Before the year ends, we owe both our premier and Scott Moe, Premier of Saskatchewan, a debt of gratitude for forcing us to examine what this country is all about politically and constitutionally. There is today a notion that very little binds our provinces together as a country except the agreement that we are better off together than apart. Clearly, the Quebec government will go along with that sentiment.

Well, what are we? Ever since the agreement between the Province of Canada (Upper and Lower), New Brunswick and Nova Scotia to join together in political union with a senior political body located in a remote lumber town called Ottawa, we have referred to ourselves as a Confederation. That definition no longer applies.

In contemporary political theory, a ‘Confederation' means an association of sovereign states. Presently, Canada fits under the definition of a ‘Federation’— a political union of partially self-governing provinces, states and regions under a central federal government. Under this definition, we have a political system similar to other geographically large multi-ethnic countries such as USA, India and Brazil. This is distinct from France which has been a Unitary State for centuries.

The closest we come to a statement of intent and commitment by and for all our citizens is the Canadian Charter of Rights and Freedoms. This has supplanted the British North American Act of 1867 which limited itself to the distribution of powers between the federal Parliament and the provinces. The Charter is now the supreme law in Canada and gives the Supreme Court of Canada power to protect people and companies from unacceptable actions of federal and provincial governments and their agencies. No other law can violate the Charter Rights — except, of course, those rights which can be excluded under Section 33 Notwithstanding Clause.
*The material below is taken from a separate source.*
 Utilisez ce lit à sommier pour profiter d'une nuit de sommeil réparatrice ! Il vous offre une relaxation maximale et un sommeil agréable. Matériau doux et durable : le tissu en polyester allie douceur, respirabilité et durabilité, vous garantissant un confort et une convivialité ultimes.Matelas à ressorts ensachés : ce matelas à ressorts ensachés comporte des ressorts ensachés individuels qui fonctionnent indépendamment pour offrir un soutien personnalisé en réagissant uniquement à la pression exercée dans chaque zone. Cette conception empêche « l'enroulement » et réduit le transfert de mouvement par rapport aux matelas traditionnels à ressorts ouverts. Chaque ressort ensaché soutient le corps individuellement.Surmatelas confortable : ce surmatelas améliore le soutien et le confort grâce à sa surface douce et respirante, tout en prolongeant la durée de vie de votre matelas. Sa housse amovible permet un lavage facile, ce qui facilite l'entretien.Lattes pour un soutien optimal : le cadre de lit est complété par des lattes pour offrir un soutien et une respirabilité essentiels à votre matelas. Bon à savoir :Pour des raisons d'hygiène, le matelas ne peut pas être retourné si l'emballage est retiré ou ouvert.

The issue then is what rights can be violated by invoking this clause. Quebec has recently enacted legislation which strips the Çharter’s language rights protection of its English speaking citizens. This action is in direct contravention of the Charter as the Charter specifically excludes language rights sections 16 to 23 from the application of the Notwithstanding Clause. 
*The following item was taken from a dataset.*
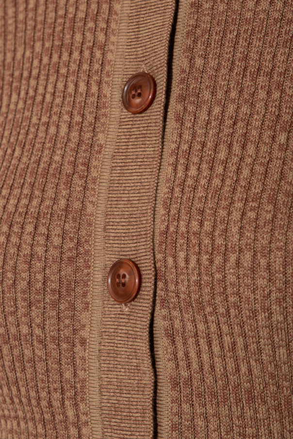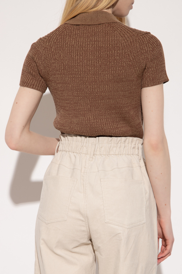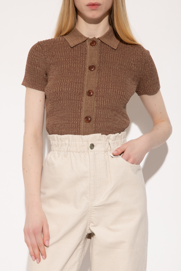 Brown ‘Bonnie’ polo shirt from Samsoe Samsoe. Crafted from a ribbed knit, this style features decorative button closures and short sleeves.

When the Charter was adopted, Prime Minster Pierre Elliott Trudeau envisioned Canada as a multinational federal state. In his view ‘a nation is the guardian of certain very positive qualities; a cultural heritage, common heritages, a community awareness and historical continuity. (A province) did not need absolute sovereignty to cultivate its national character’ He opposed a Quebec nationalism that sought political sovereignty.

Notwithstanding that conceptualization, the limits of Quebec sovereignty remain an issue that our present federal government has allowed to fester despite two House of Commons motions recognizing that ‘the Quebecois form a nation within a united Canada’.  It is a portion of Quebec citizens (the descendants of Les Filles Du Roy) that was recognized as a nation, not the province.

And so we come to the future of Canada. If the fundamental rights of Canadians become ultimately subject to individual Provincial governments’ laws and regulations, we will no longer be a country. Rather we will revert to being a Confederation — a rather loose Common Market Alliance.

That might suit the political ambitions of Premiers’ Legault, Moe and Smith. But is this what Canadians lying in Flanders’ Fields gave their lives for?